Another leading international financial firm recently saw its large New
York City trading floor experience numerous outages that resulted in a
suspended order flow of $90 billion and losses of $3 million per
hour. Data volumes wreaking havoc in the middle office and back
office triggered network and system outages that brought down the front
office.
The trading world continues to evolve as firms adjust their trading
strategies to profitably exploit market opportunities before their
competitors. But neither of these variables – trading strategies nor
market opportunities – is discrete, autonomous or effectively
measurable in real-time. Instead, they are part of an ecosystem of
complex systems with sophisticated inter- and intra-dependencies. In
addition to diverse algorithmic trading strategies, firms must also
manage trade structure, order routing and execution costs across
diverse asset classes, markets and liquidity venues. All of this will
run on diverse IT infrastructures with diverse Service Level Agreements
(if any) and have disparate controls and authority.

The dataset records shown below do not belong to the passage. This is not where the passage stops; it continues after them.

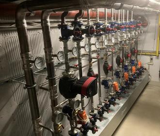 Die neu installierte Leitungssystem mit Verteiler, Vorlauf, Rücklauf, Regelungen und Pumpen
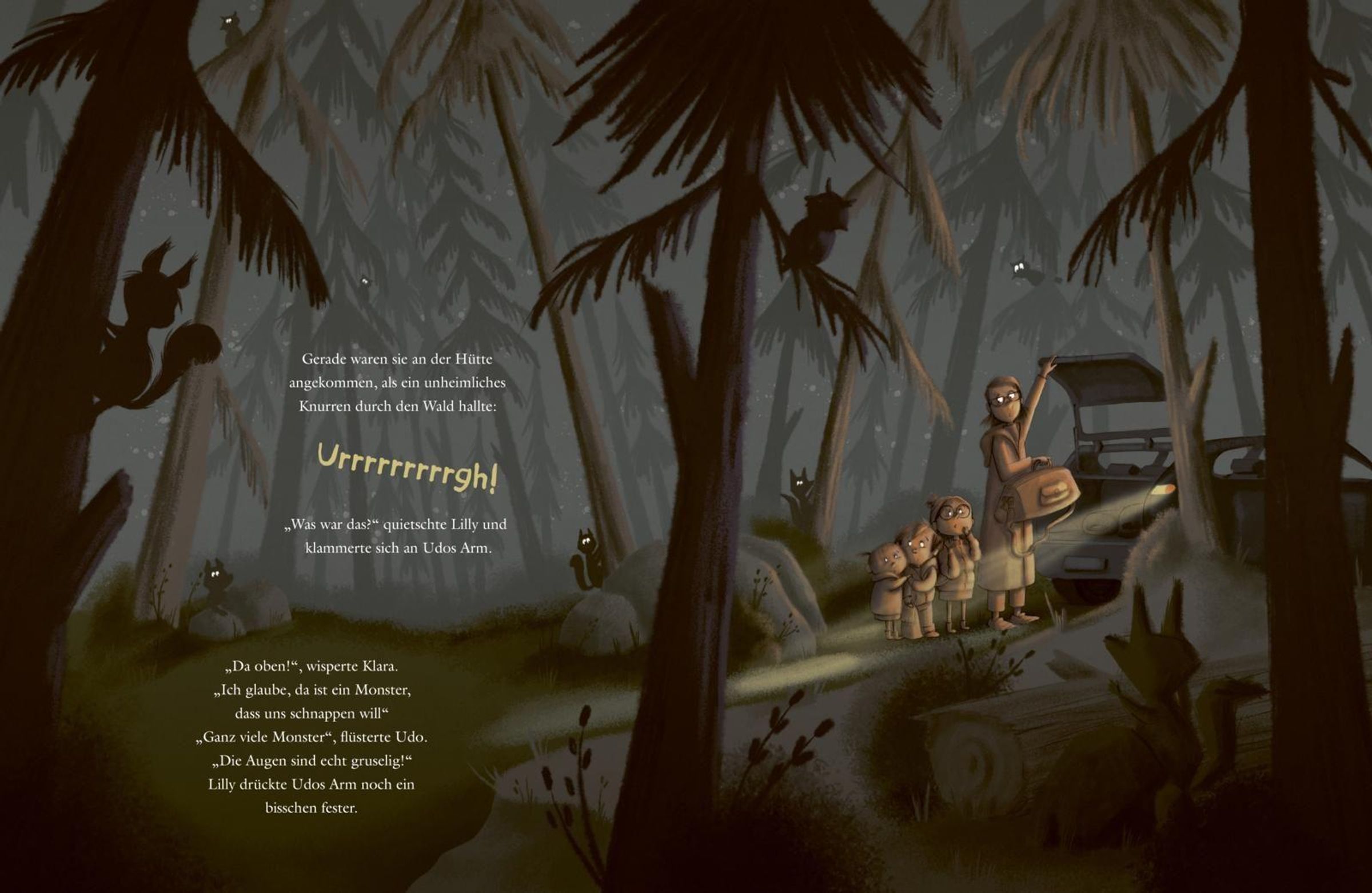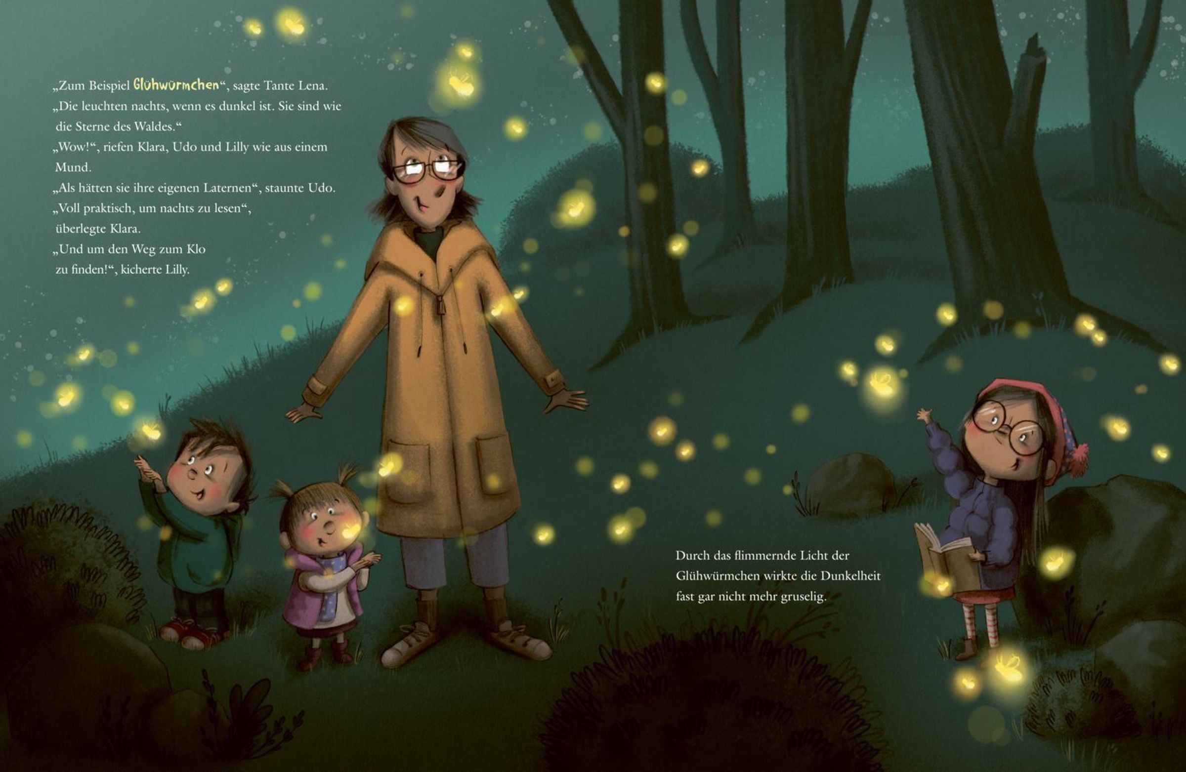 Illustration: Drei Kinder und ein Erwachsener im Wald mit Leuchten., Buch
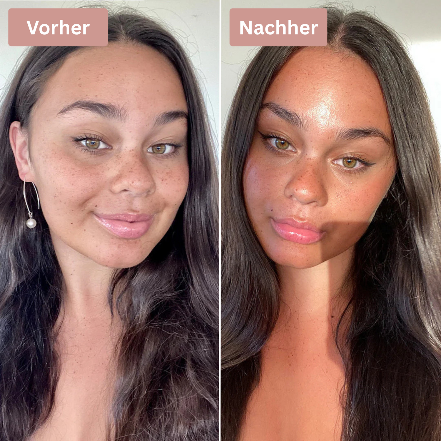 Verabschiede dich von fleckiger Bräune und ungleichmäßigen Anwendungen! Unsere innovativen Bräunungstropfen wirken von innen, um dein natürliches Melanin zu aktivieren – für eine nahtlose, aufbaubare Bräune, ganz ohne Sonne oder Streifen. Einfach in deine tägliche Routine integrieren und zusehen, wie sich deine Farbe mühelos vertieft.
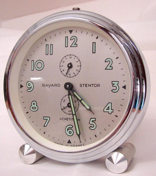 Il s'agit d'un réveil Bayard modèle Stentor, équipé d'un mouvement GR 200 à sonnerie de réveil à répétition. Le mouvement mécanique est logé dans un boîtier en tôle emboutie nickelée-chromée de 13.5 cm de diamètre. Au sommet du réveil, se trouve le bouton 'arrêt sonnerie réveil'. L'ensemble repose sur deux pieds coniques gainés en plastique gris clair et dont l'embout est en aluminium poli. Le cadran gris argenté est composé de chiffres arabes fluorescents et possède deux aiguilles fluorescentes en forme de lance. Le cadran possède deux petits cadrans : un cadran de réveil en dessous du chiffre '12' et un cadran pour la trotteuse au dessus du chiffres '6'. En bordure de cadran principal, une graduation indique les minutes. Le cadran comporte les inscriptions 'BAYARD', 'STENTOR', 'REPETITION' et 'MADE IN FRANCE'
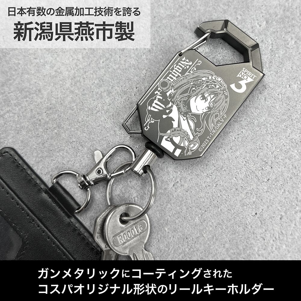 ・ガンメタリックにコーティングされたコスパオリジナル形状のリールキーホルダー
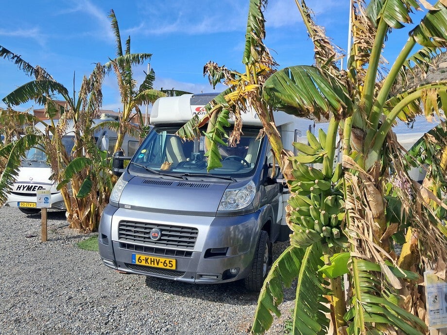 Zondag zijn we naar Torre Nueva gereden naar de cp, daar hadden we op de heenweg ook gestaan. G en M gingen ook mee. We hadden allebei nog een mooi plaatsje naast de bananenbomen waar deze keer kleine banaantjes aan hingen! Het was mooi weer, alleen winderig, dus zijn we nog een keer naar boven naar de hangbrug gelopen voor het mooie uitzicht. Later onder het genot van een drankje hebben we gezellig bij gekletst. G en M wilden eigenlijk ook naar Marokko maar door allerlei kleine tegenslagen hebben ze besloten in Spanje te blijven.
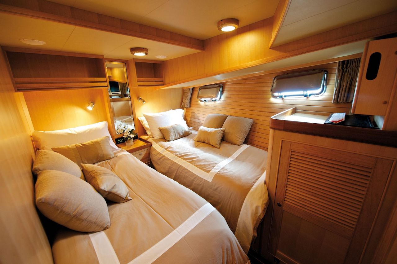 Accommodation onboard is offered for up to 6 guests in four beautiful cabins. Guests onboard are taken care of by a crew of three staff members.
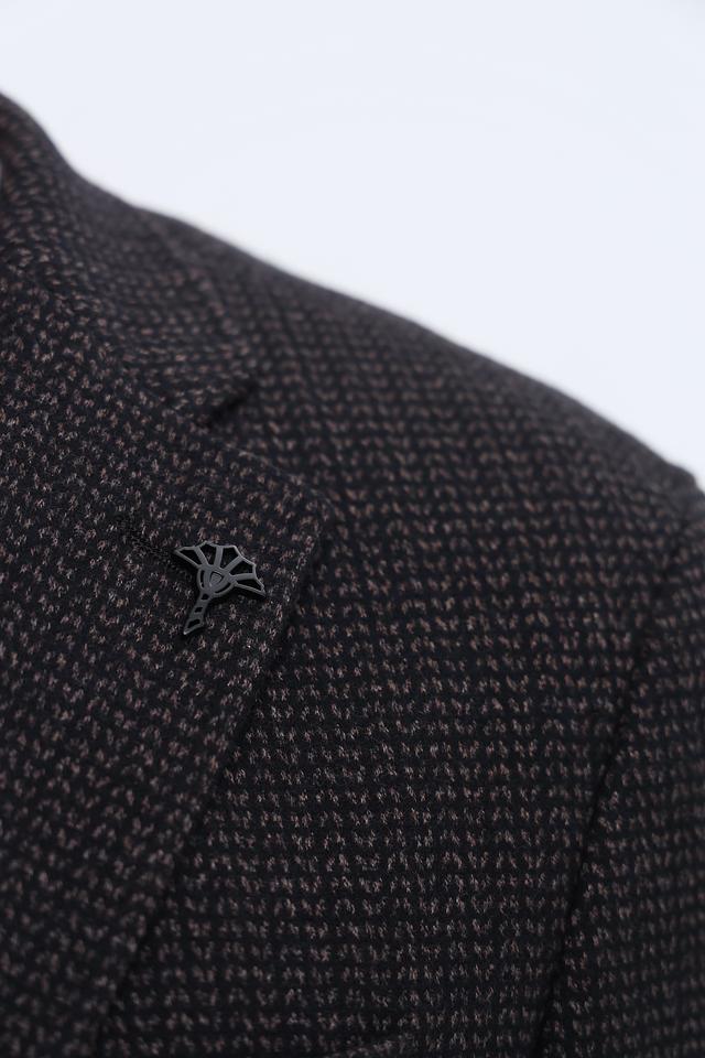 Состав ткани: 44% полиэстер, 30% вискоза, 24% хлопок, 2% эластан. Такое сочетание материалов обеспечивает комфорт в носке, хорошую воздухопроницаемость и лёгкость в уходе. Пиджак прекрасно сохраняет форму и не мнется.
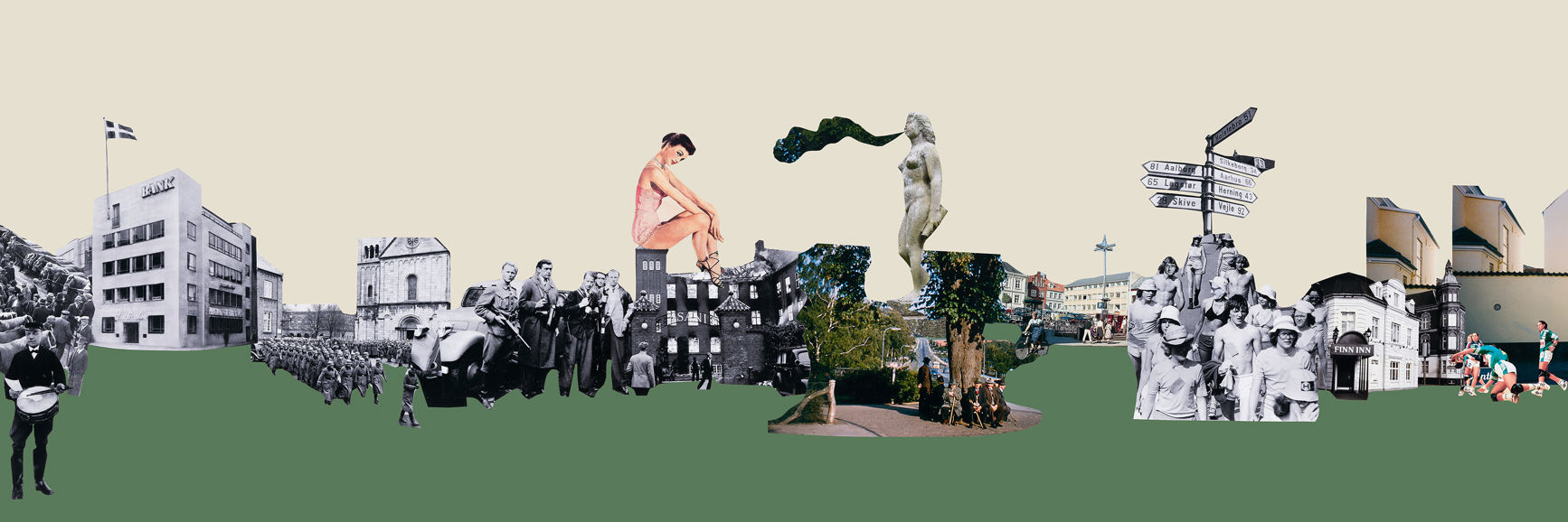 Byens tromme lød frem til ca. 1940. Sidste trommeslager, som ses i forgrunden på collagen, var væver Jens Ravn, der annoncerede stort og småt i byens gader.

It’s critical in
high-performance trading environments that all the components in the
value chain are understood and their inherent interdependencies and
risks are quantified.
The path to interdependent systems
Trading infrastructures will continue to evolve as long as algorithmic
and technological advances keep yielding positive financial benefits.
Challenging economic and market conditions inherently present numerous
and diverse execution opportunities. Alternative execution venues,
direct market access (DMA), algorithmic containers, electronic
communication networks (ECNs), smart order routers, exchange
co-location, multi-core processing, distributed caches, low-latency
networks and messaging systems are just some of the ingredients that
must be combined into the optimal trading recipe.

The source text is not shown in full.